Example 2: Jennifer was covered for 6 months under her old employer’s group health insurance plan and changed jobs. She purchased short-term major medical insurance coverage for 2 months and then enrolled under her new employer’s group health insurance plan. The new health insurance plan will give Jennifer 8 months of credit toward satisfying the pre existing conditions waiting period (6 months plus 2 months). Pre existing conditions will be covered after 4 months (12 months minus 8 months).
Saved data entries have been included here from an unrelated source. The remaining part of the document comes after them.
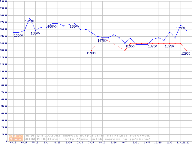 | [↓次グラフ]: | Slot 1 (SECC2,FSB 100MHz,L2 256KB)の最安値推移 |
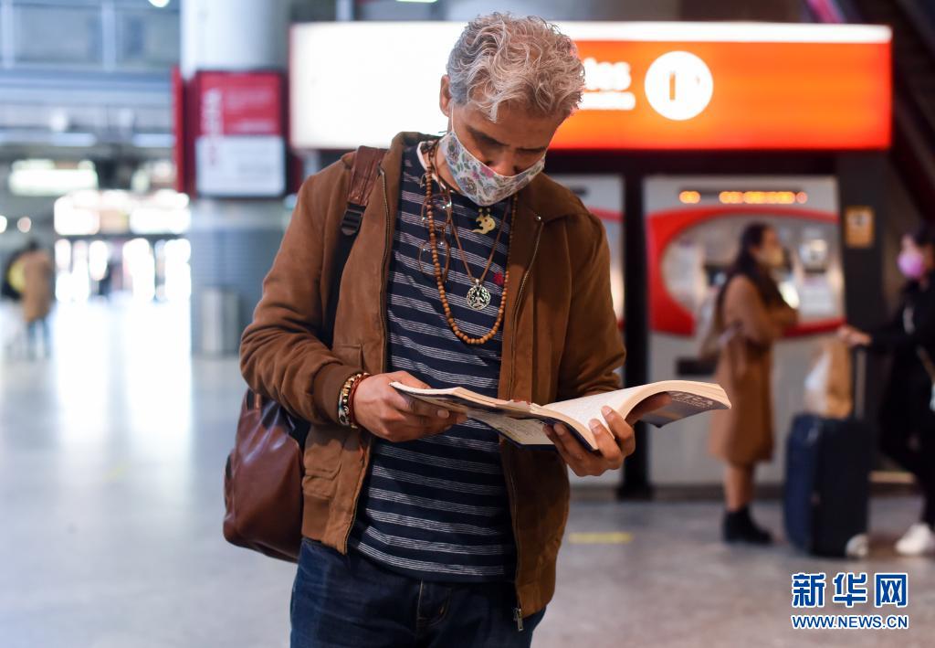 4月17日,一名男子在西班牙馬德里一處車站內(nèi)讀書(shū)。
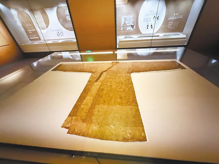 湖北日报讯 (记者何辉)2000多年前,楚人的单衣、被子长啥样?9月20日,“看见中国先秦丝绸宝库——荆州马山一号楚墓织绣品特展”在荆州博物馆开展。此次特展,以马山一号墓出土织绣文物为核心,共展出16件珍贵的织绣文物及3件复制品,其中一凤一龙相蟠纹绣紫红绢单衣、蟠龙飞凤纹绣浅黄绢面衾两件珍贵大型文物首次亮相。
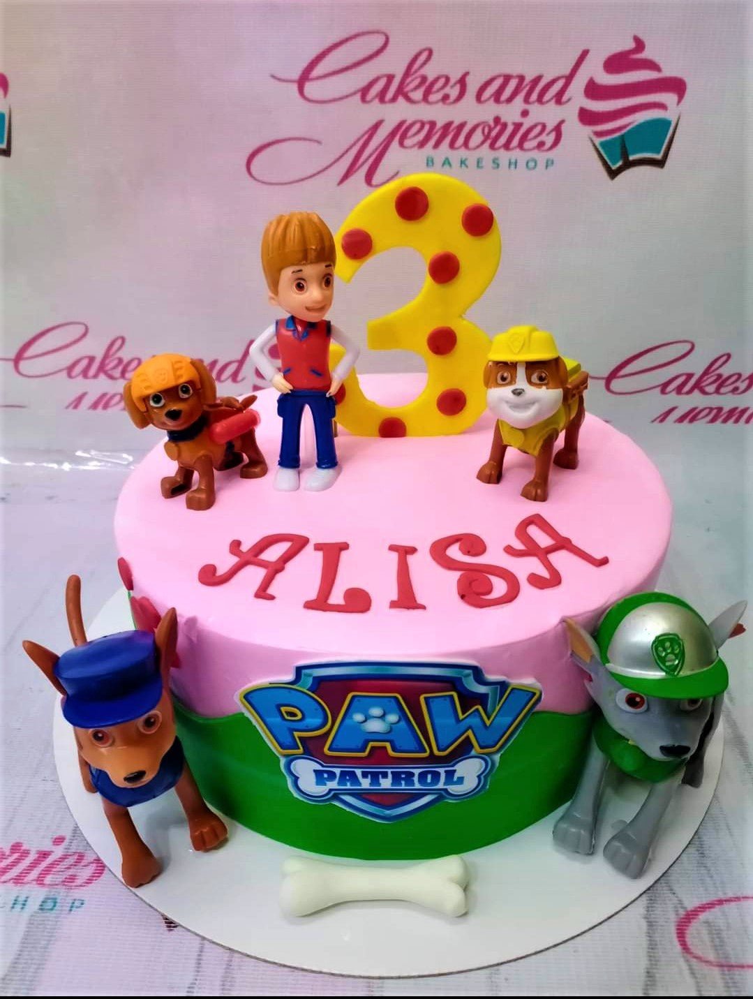 Pink Paw Patrol birthday cake with 3D character figures, a yellow number 3 topper, and a green grass-like base.
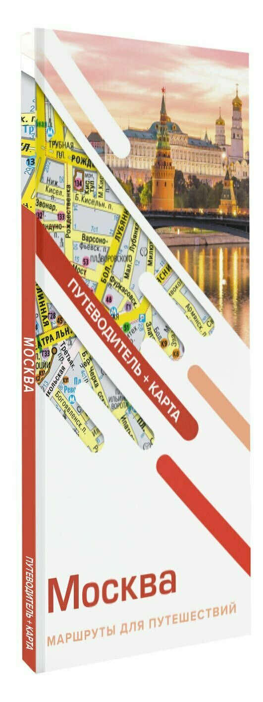 Очень большой путеводитель от издательства Аст по такой низкой цене. Правая сторона сложена в гармошку, которую можно развернуть где-угодно в пути и посмотреть, где вы находитесь. Карта внутри выглядит просто внушительно огромной и красочной, которая поможет не заблудиться в Москве. Всё детально описано в ней
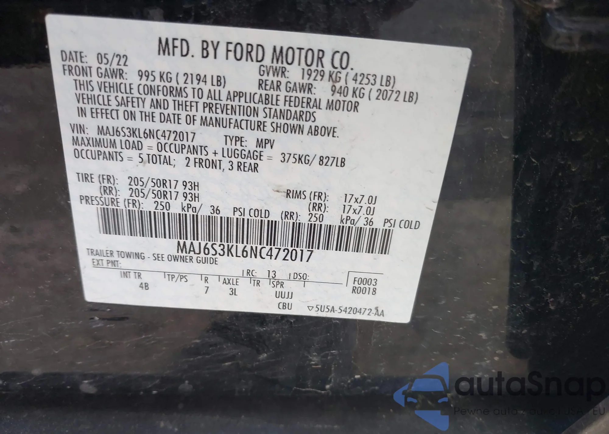 VIN: MAJ6S3KL6NC472017
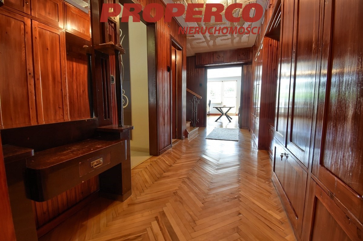 Na podłogach w pokojach i korytarzach - parkiet, w łazienkach, kuchni i piwnicy - gresy. Stolarka drewniana, w dobrym stanie. Zamontowano rolety antywłamaniowe.
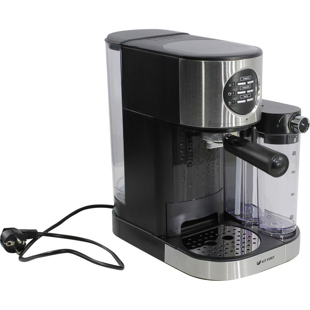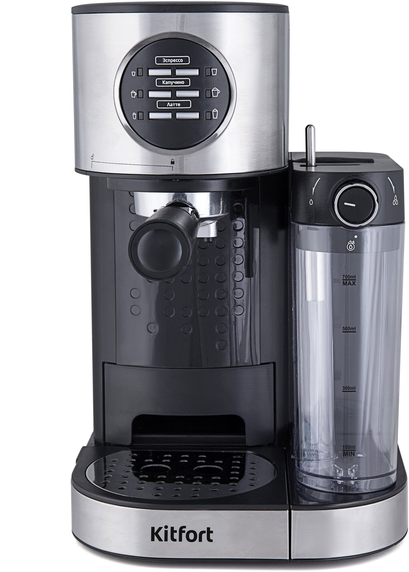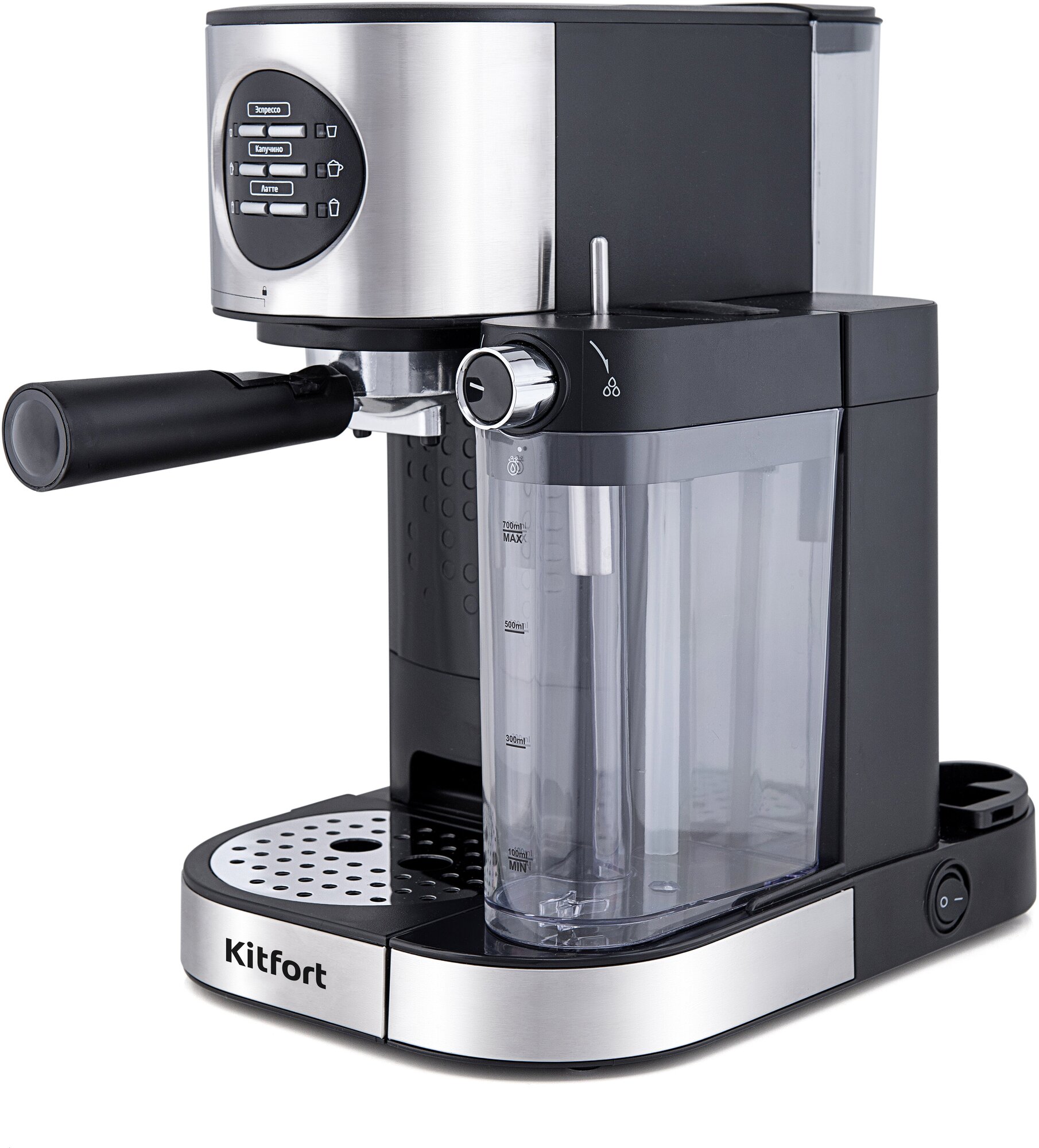 Помповая рожковая автоматическая эспрессо-кофеварка Kitfort поможет приготовить кофе эспрессо, капучино или латте. Тип и объем напитка выбирается нажатием кнопки, а молочная пенка приготовляется во встроенном автоматическом капучинаторе.
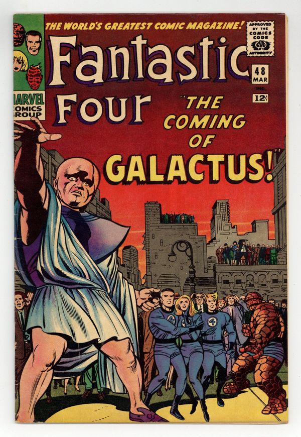 Cover pencils by Jack Kirby, inks by Joe Sinnott. First appearance of Galactus and the Silver Surfer in one of the most famous stories of the Silver Age, The Coming of Galactus!, script by Stan Lee, pencils by Jack Kirby, inks by Joe Sinnott; Black Bolt and the Fantastic Four put an end to Maximus's plan to destroy all the humans; Once the Fantastic Four return to New York the Watcher tells them of the coming danger of Galactus. Letter to the editor from comics writer Don McGregor. 36 pages, full color. Cover price $0.12.

Example 3: Carol, after 10 years, left her employer and found a new job eight months later. She was covered under her previous employer’s group health insurance plan, but did not maintain medical insurance coverage between jobs. She will have to satisfy the full 12 month pre existing conditions waiting period under her new employer’s group health insurance plan.

Although HIPAA provides valuable protection from having to start a new waiting period for pre existing conditions, the law has limitations. For example, HIPAA does not:

  • Require employers to offer group health insurance coverage
  • Guarantee the same level of benefits, deductibles or coverage limits from one employer sponsored group health insurance plan to the next
  • Provide any protection when changing from one individual medical insurance plan to another individual medical insurance plan

Certificates of Creditable Coverage

In order to prove prior medical insurance coverage, insurance carriers and health plans are required to give a certificate of creditable coverage to individuals when they lose medical insurance coverage, become entitled to COBRA or exhaust COBRA, or upon request at anytime within 24 months after coverage ends.

Certificates of Creditable Coverage document the duration of medical insurance coverage. They are used to determine HIPAA eligibility for an individual medical insurance plan and by employer sponsored group health insurance plans to give credit toward satisfying the waiting period for pre existing medical conditions.

Special Enrollment Opportunities – Employer Group Health Insurance

Individuals covered under an employer sponsored group health insurance plan have special enrollment opportunities when they face a life event or experience other circumstances that results in the loss of coverage. Some of these include:

  • Birth, death, adoption of a dependent
  • Divorce or legal separation
  • Death of spouse
  • Dependent child no longer being eligible because of age, work or school status
  • End of spouse’s employment
  • Reduction in work hours
  • No longer living or working in the HMO’s service area
  • A health insurance claim that would meet or exceed the medical insurance policy’s lifetime limit

The individual must request special enrollment within 30 days after losing eligibility for medical insurance coverage.

COBRA and HIPAA

There are several ways to use COBRA in conjunction with HIPAA. These include:

  • COBRA continuation coverage can help preserve an individual’s HIPAA rights by avoiding more than 62 days break in medical insurance coverage between different health insurance plans.
  • COBRA coverage can be counted as creditable medical coverage, as long as there is no significant break (more than 62 day) after coverage ends. Creditable coverage can be used to offset any pre existing condition waiting period under a new employer sponsored group health insurance plan,
  • COBRA continuation coverage can be used as a bridge to ensure the individual remains covered during a new employer’s waiting period.